Fügen Sie nun eine summary-Ebene mit dem Befehl stat_summary() zu dem Plot hinzu. Nutzen Sie in stat_summary() das Argument fun.y = mean, um ggplot mitzuteilen, dass Sie den Mittelwert der Beobachtungen auf der y-Achse darstellen möchten. Nutzen Sie außerdem in stat_summary() das Argument geom = "bar", um sich einen Barplot ausgeben zu lassen.
Fügen Sie dem Befehl aes() bei der Definition des Objektes drv_plot das Argument fill = drv hinzu, um den Barplot farblich aufzuhübschen. Führen Sie den Befehl aus der vorherigen Aufgabe danach erneut aus, um den Plot zu aktualisieren.
Fügen Sie dem Plot nun eine Beschriftungs-Ebene mit dem Befehl labs() hinzu. Vergeben Sie in labs() mithilfe der Argumente x = "text", y = "text", title = "text"und fill = "text" sinnvolle Namen für die x-und y-Achse, geben Sie dem Plot einen Titel und eine Beschriftung für die Farben.
Verliehen Sie den Säulen einen schwarzen Rand, indem Sie im Befehl stat_summary() das Argument color = "black" hinzufügen.

1.9 Linienplot

Bauen Sie den folgenden Plot nach. Hinweis: Die Punkte stellen die Mittelwerte dar.

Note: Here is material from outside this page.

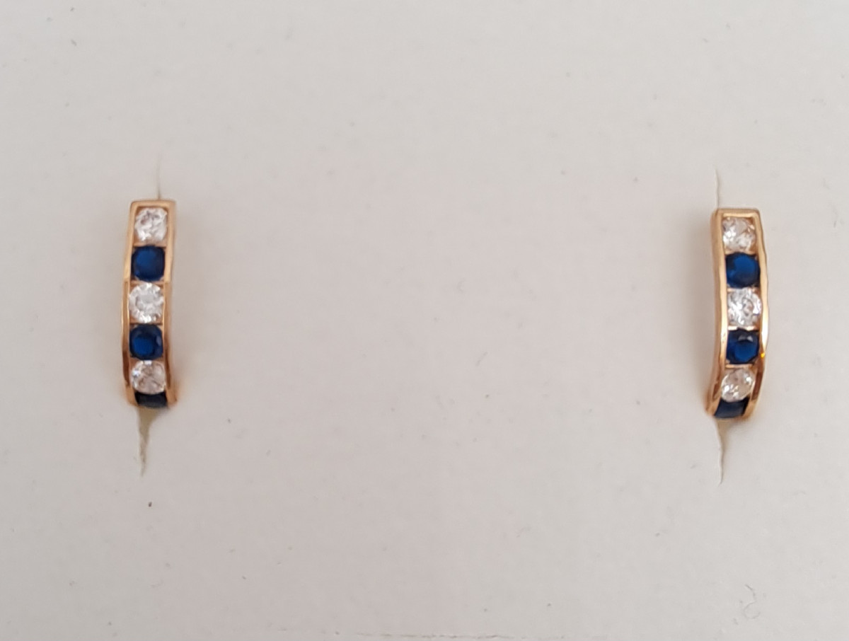 Korussa koristeena sinisiä ja kirkkaita zirkoniakiviä

## Warning: `fun.y` is deprecated. Use `fun` instead.

Nutzen Sie den Befehl stat_summary(), um dem Plot eine Ebene mit einer Linie hinzuzufügen, die die Punkte verbindet. Tipp: Nutzen Sie das Argument aes(group = 1) in stat_summary(), um ggplot mitzuteilen, dass alle Punkte in einer Gruppe gruppiert werden.
Nutzen Sie den Befehl stat_summary() mit den Argumenten fun.data = mean_cl_normal und geom = "errorbar", um dem Plot eine Ebene mit Fehlerbalken hinzuzfügen, die die 95%-Konfidenzintervalle der Mittelwerte angeben.
Nutzen Sie das Argument width = 0.2 in stat_summary(), um die Breite der Konfidenzintervalle einzustellen.
Fügen Sie dem Plot sinnvolle Achsenbeschriftungen und einen Titel hinzu.

1.10 Histogramm

Nutzen Sie geom_histogram(), um sich ein Histogramm der Miles per Gallon (Stadt) anzeigen zu lassen.
Auf Seite 2 des ggplot2-Cheatsheets (unten, rechts mittig) finden Sie eine Übersicht über verschiedene Themes, mit denen Sie Ihre Plots verschönern können. Geben Sie Ihrem Histogramm ein Theme, das Ihnen gefällt.

1.11 Plot nachbauen

Bauen Sie mit dem Datensatz text_messages.dat den unten angezeigten Plot nach. Sie müssen ihn dafür zunächst einlesen und dann vom wide ins long Format bringen. Der Datensatz enthält die Testergebnisse in einem Grammatik-Test zu einem Baseline-Zeitpunkt und einem 6-Monats-Follow up. Es gab zwei Gruppen, die in der Variable Groups definiert sind.

## Warning: `fun.y` is deprecated. Use `fun` instead.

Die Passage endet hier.